*** Opening Dataset extract ***

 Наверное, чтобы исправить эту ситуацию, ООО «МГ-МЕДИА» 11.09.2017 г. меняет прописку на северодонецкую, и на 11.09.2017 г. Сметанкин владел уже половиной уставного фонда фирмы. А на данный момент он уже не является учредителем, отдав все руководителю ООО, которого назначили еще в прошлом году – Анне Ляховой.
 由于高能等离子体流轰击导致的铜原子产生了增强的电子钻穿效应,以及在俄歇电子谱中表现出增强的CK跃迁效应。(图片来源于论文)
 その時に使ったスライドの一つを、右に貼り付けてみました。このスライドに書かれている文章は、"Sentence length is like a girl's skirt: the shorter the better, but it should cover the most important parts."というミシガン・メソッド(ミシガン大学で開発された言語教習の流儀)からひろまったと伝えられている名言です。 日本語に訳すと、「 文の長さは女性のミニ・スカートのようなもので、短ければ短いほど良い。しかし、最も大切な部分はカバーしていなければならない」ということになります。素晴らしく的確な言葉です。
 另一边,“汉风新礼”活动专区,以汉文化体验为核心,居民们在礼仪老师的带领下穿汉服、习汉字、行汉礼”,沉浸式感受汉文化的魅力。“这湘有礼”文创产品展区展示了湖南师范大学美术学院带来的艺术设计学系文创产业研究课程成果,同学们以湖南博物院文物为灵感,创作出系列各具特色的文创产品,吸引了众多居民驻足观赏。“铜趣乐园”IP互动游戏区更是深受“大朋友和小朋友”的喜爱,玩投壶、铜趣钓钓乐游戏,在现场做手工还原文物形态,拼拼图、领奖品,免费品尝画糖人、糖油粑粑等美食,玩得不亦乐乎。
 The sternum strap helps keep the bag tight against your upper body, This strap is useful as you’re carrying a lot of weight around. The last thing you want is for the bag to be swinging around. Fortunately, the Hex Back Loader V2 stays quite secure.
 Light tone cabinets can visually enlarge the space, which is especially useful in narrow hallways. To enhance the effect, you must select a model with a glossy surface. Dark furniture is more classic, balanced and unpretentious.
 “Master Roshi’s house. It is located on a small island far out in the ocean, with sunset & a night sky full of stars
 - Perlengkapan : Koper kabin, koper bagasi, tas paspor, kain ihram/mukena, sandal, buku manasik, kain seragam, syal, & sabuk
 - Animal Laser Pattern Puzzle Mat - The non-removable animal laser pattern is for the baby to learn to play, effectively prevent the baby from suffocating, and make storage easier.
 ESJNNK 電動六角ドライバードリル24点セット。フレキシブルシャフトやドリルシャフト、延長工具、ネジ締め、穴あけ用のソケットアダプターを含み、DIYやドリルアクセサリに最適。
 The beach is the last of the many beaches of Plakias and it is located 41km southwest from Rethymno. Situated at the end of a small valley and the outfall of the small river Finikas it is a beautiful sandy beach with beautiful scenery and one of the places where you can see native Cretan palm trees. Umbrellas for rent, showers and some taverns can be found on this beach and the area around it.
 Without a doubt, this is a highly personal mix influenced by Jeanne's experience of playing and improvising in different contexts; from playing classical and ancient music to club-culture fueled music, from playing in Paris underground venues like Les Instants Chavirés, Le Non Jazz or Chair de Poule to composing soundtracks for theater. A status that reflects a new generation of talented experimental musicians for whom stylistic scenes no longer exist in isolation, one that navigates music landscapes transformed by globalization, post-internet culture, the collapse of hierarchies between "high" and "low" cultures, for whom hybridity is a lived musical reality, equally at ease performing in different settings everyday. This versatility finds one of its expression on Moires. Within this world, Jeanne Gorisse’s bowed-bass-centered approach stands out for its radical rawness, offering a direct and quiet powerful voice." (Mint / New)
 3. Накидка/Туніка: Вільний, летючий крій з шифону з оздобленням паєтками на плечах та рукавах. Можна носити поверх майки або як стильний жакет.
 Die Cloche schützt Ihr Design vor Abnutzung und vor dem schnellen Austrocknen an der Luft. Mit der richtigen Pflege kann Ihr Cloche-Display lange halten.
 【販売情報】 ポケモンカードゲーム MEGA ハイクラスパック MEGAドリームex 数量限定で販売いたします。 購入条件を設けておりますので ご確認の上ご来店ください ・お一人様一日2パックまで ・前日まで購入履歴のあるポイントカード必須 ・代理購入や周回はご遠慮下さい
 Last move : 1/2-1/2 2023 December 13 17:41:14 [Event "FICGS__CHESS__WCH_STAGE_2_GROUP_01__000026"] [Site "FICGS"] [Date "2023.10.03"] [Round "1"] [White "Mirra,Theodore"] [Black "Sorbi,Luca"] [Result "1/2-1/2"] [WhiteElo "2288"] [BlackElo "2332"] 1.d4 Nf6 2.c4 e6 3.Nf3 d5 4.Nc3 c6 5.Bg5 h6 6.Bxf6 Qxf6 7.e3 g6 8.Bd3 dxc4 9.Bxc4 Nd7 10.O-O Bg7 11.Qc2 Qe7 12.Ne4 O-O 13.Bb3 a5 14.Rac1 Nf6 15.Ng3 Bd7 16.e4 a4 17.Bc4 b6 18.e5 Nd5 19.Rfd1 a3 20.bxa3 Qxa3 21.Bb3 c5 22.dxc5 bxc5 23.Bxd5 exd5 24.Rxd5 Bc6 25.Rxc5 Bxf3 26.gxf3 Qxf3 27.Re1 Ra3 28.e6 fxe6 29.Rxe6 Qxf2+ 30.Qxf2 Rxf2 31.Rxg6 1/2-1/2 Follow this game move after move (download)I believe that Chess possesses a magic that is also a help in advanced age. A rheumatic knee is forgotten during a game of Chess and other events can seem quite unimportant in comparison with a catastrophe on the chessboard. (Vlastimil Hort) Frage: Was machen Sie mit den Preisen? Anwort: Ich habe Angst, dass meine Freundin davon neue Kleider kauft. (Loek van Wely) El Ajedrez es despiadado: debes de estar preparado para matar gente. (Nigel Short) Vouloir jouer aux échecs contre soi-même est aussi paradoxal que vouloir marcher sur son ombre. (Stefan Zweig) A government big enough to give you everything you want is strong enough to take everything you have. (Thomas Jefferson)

*** Closing Dataset extract ***

Output all of the material exactly as written.

 Наверное, чтобы исправить эту ситуацию, ООО «МГ-МЕДИА» 11.09.2017 г. меняет прописку на северодонецкую, и на 11.09.2017 г. Сметанкин владел уже половиной уставного фонда фирмы. А на данный момент он уже не является учредителем, отдав все руководителю ООО, которого назначили еще в прошлом году – Анне Ляховой.
 由于高能等离子体流轰击导致的铜原子产生了增强的电子钻穿效应,以及在俄歇电子谱中表现出增强的CK跃迁效应。(图片来源于论文)
 その時に使ったスライドの一つを、右に貼り付けてみました。このスライドに書かれている文章は、"Sentence length is like a girl's skirt: the shorter the better, but it should cover the most important parts."というミシガン・メソッド(ミシガン大学で開発された言語教習の流儀)からひろまったと伝えられている名言です。 日本語に訳すと、「 文の長さは女性のミニ・スカートのようなもので、短ければ短いほど良い。しかし、最も大切な部分はカバーしていなければならない」ということになります。素晴らしく的確な言葉です。
 另一边,“汉风新礼”活动专区,以汉文化体验为核心,居民们在礼仪老师的带领下穿汉服、习汉字、行汉礼”,沉浸式感受汉文化的魅力。“这湘有礼”文创产品展区展示了湖南师范大学美术学院带来的艺术设计学系文创产业研究课程成果,同学们以湖南博物院文物为灵感,创作出系列各具特色的文创产品,吸引了众多居民驻足观赏。“铜趣乐园”IP互动游戏区更是深受“大朋友和小朋友”的喜爱,玩投壶、铜趣钓钓乐游戏,在现场做手工还原文物形态,拼拼图、领奖品,免费品尝画糖人、糖油粑粑等美食,玩得不亦乐乎。
 The sternum strap helps keep the bag tight against your upper body, This strap is useful as you’re carrying a lot of weight around. The last thing you want is for the bag to be swinging around. Fortunately, the Hex Back Loader V2 stays quite secure.
 Light tone cabinets can visually enlarge the space, which is especially useful in narrow hallways. To enhance the effect, you must select a model with a glossy surface. Dark furniture is more classic, balanced and unpretentious.
 “Master Roshi’s house. It is located on a small island far out in the ocean, with sunset & a night sky full of stars
 - Perlengkapan : Koper kabin, koper bagasi, tas paspor, kain ihram/mukena, sandal, buku manasik, kain seragam, syal, & sabuk
 - Animal Laser Pattern Puzzle Mat - The non-removable animal laser pattern is for the baby to learn to play, effectively prevent the baby from suffocating, and make storage easier.
 ESJNNK 電動六角ドライバードリル24点セット。フレキシブルシャフトやドリルシャフト、延長工具、ネジ締め、穴あけ用のソケットアダプターを含み、DIYやドリルアクセサリに最適。
 The beach is the last of the many beaches of Plakias and it is located 41km southwest from Rethymno. Situated at the end of a small valley and the outfall of the small river Finikas it is a beautiful sandy beach with beautiful scenery and one of the places where you can see native Cretan palm trees. Umbrellas for rent, showers and some taverns can be found on this beach and the area around it.
 Without a doubt, this is a highly personal mix influenced by Jeanne's experience of playing and improvising in different contexts; from playing classical and ancient music to club-culture fueled music, from playing in Paris underground venues like Les Instants Chavirés, Le Non Jazz or Chair de Poule to composing soundtracks for theater. A status that reflects a new generation of talented experimental musicians for whom stylistic scenes no longer exist in isolation, one that navigates music landscapes transformed by globalization, post-internet culture, the collapse of hierarchies between "high" and "low" cultures, for whom hybridity is a lived musical reality, equally at ease performing in different settings everyday. This versatility finds one of its expression on Moires. Within this world, Jeanne Gorisse’s bowed-bass-centered approach stands out for its radical rawness, offering a direct and quiet powerful voice." (Mint / New)
 3. Накидка/Туніка: Вільний, летючий крій з шифону з оздобленням паєтками на плечах та рукавах. Можна носити поверх майки або як стильний жакет.
 Die Cloche schützt Ihr Design vor Abnutzung und vor dem schnellen Austrocknen an der Luft. Mit der richtigen Pflege kann Ihr Cloche-Display lange halten.
 【販売情報】 ポケモンカードゲーム MEGA ハイクラスパック MEGAドリームex 数量限定で販売いたします。 購入条件を設けておりますので ご確認の上ご来店ください ・お一人様一日2パックまで ・前日まで購入履歴のあるポイントカード必須 ・代理購入や周回はご遠慮下さい
 Last move : 1/2-1/2 2023 December 13 17:41:14 [Event "FICGS__CHESS__WCH_STAGE_2_GROUP_01__000026"] [Site "FICGS"] [Date "2023.10.03"] [Round "1"] [White "Mirra,Theodore"] [Black "Sorbi,Luca"] [Result "1/2-1/2"] [WhiteElo "2288"] [BlackElo "2332"] 1.d4 Nf6 2.c4 e6 3.Nf3 d5 4.Nc3 c6 5.Bg5 h6 6.Bxf6 Qxf6 7.e3 g6 8.Bd3 dxc4 9.Bxc4 Nd7 10.O-O Bg7 11.Qc2 Qe7 12.Ne4 O-O 13.Bb3 a5 14.Rac1 Nf6 15.Ng3 Bd7 16.e4 a4 17.Bc4 b6 18.e5 Nd5 19.Rfd1 a3 20.bxa3 Qxa3 21.Bb3 c5 22.dxc5 bxc5 23.Bxd5 exd5 24.Rxd5 Bc6 25.Rxc5 Bxf3 26.gxf3 Qxf3 27.Re1 Ra3 28.e6 fxe6 29.Rxe6 Qxf2+ 30.Qxf2 Rxf2 31.Rxg6 1/2-1/2 Follow this game move after move (download)I believe that Chess possesses a magic that is also a help in advanced age. A rheumatic knee is forgotten during a game of Chess and other events can seem quite unimportant in comparison with a catastrophe on the chessboard. (Vlastimil Hort) Frage: Was machen Sie mit den Preisen? Anwort: Ich habe Angst, dass meine Freundin davon neue Kleider kauft. (Loek van Wely) El Ajedrez es despiadado: debes de estar preparado para matar gente. (Nigel Short) Vouloir jouer aux échecs contre soi-même est aussi paradoxal que vouloir marcher sur son ombre. (Stefan Zweig) A government big enough to give you everything you want is strong enough to take everything you have. (Thomas Jefferson)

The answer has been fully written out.